Work item —
Give again only the lines from the line that holds "De forma que" to the end of the data, inclusive, omitting all pictures.

----------

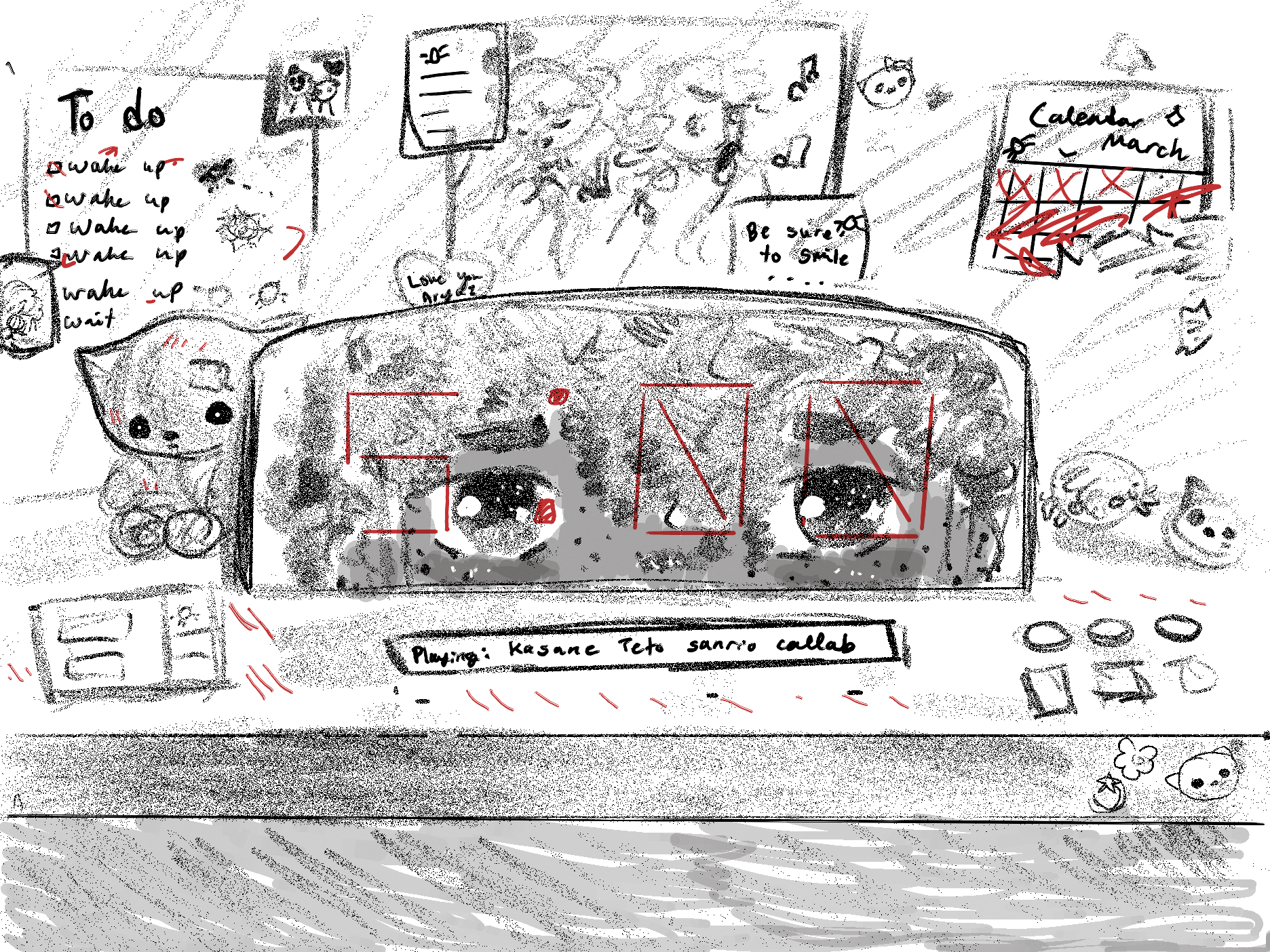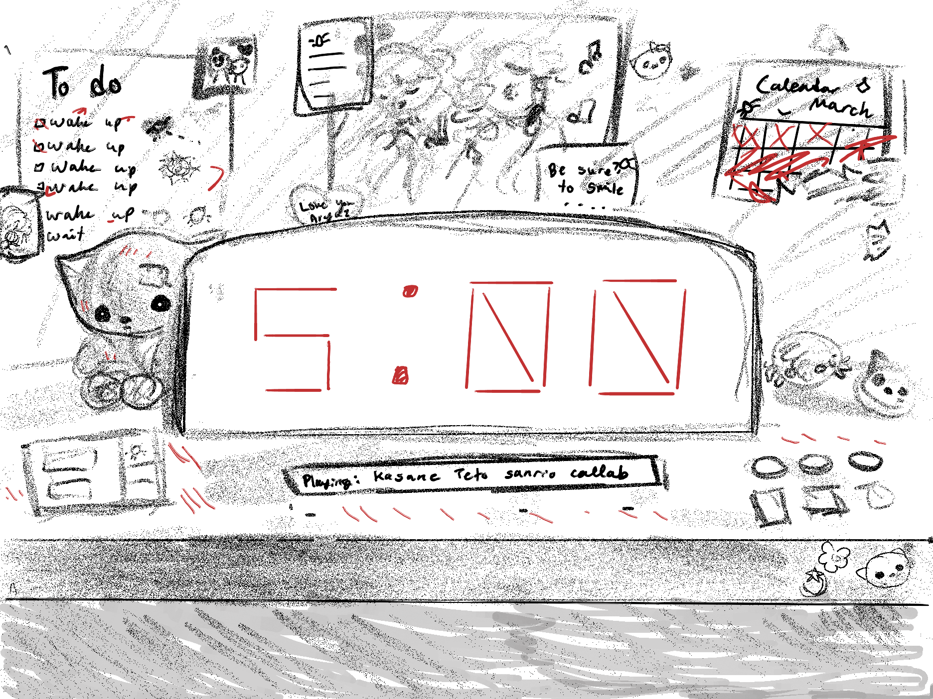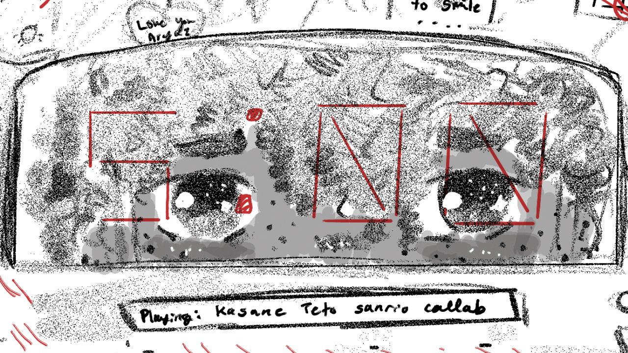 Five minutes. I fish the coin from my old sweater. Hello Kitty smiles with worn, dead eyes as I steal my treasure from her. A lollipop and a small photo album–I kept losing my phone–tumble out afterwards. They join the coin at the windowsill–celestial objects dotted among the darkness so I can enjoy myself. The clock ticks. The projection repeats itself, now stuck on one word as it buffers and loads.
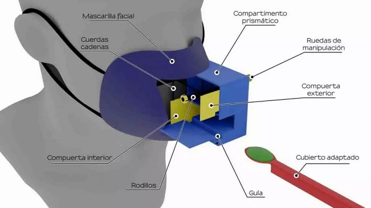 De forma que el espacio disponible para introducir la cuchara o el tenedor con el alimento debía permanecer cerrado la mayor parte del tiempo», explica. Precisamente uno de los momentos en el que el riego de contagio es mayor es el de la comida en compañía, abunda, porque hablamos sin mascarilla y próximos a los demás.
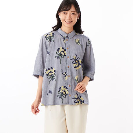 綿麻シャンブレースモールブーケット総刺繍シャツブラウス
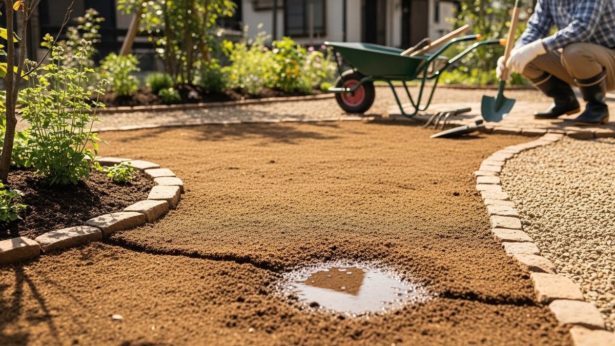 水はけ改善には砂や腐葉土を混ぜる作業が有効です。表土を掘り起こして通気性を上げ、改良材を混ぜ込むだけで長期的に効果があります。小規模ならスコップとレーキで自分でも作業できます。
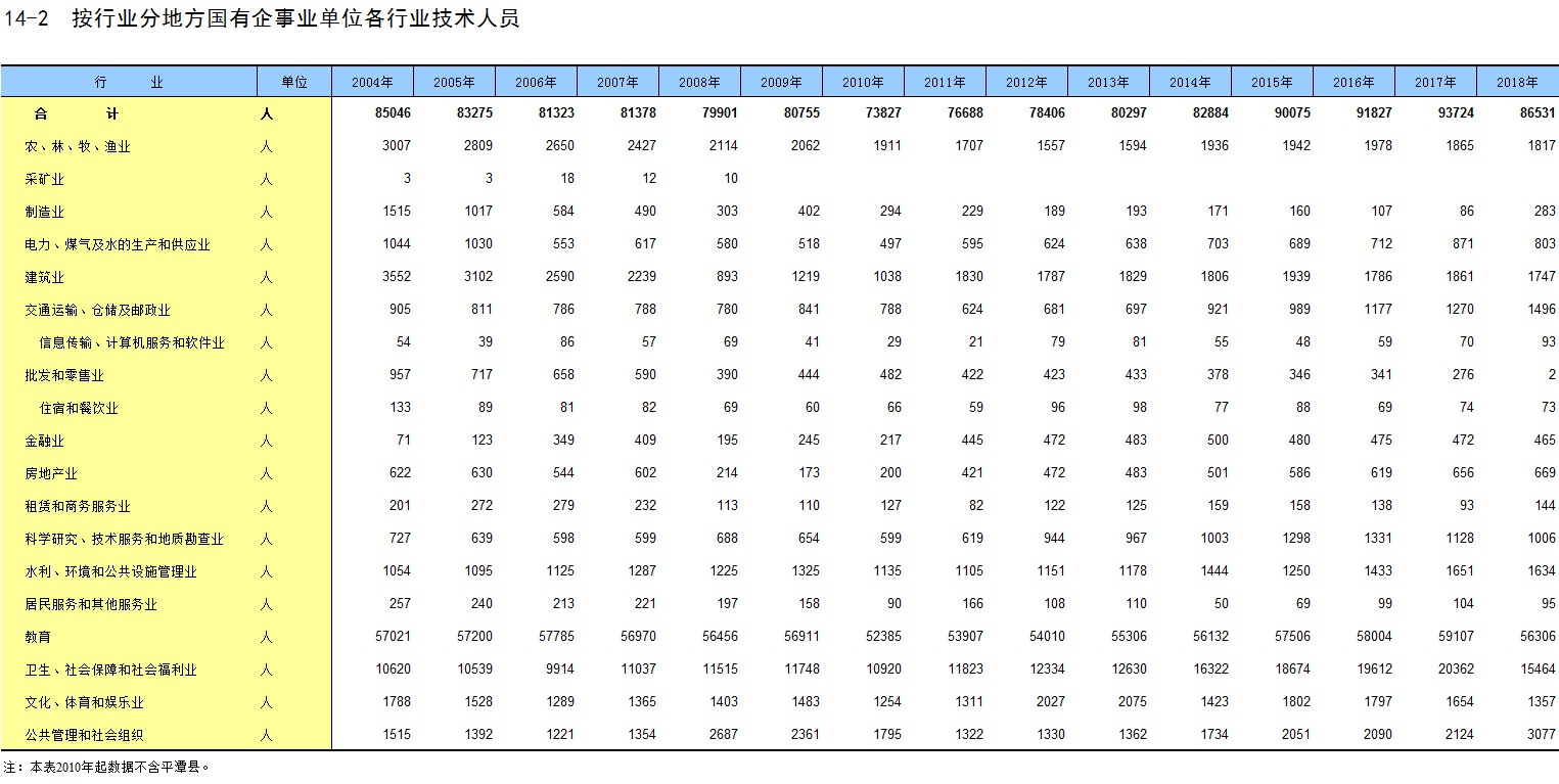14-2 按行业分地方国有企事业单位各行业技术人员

----------

Output of the task —
 De forma que el espacio disponible para introducir la cuchara o el tenedor con el alimento debía permanecer cerrado la mayor parte del tiempo», explica. Precisamente uno de los momentos en el que el riego de contagio es mayor es el de la comida en compañía, abunda, porque hablamos sin mascarilla y próximos a los demás.
 綿麻シャンブレースモールブーケット総刺繍シャツブラウス
 水はけ改善には砂や腐葉土を混ぜる作業が有効です。表土を掘り起こして通気性を上げ、改良材を混ぜ込むだけで長期的に効果があります。小規模ならスコップとレーキで自分でも作業できます。
14-2 按行业分地方国有企事业单位各行业技术人员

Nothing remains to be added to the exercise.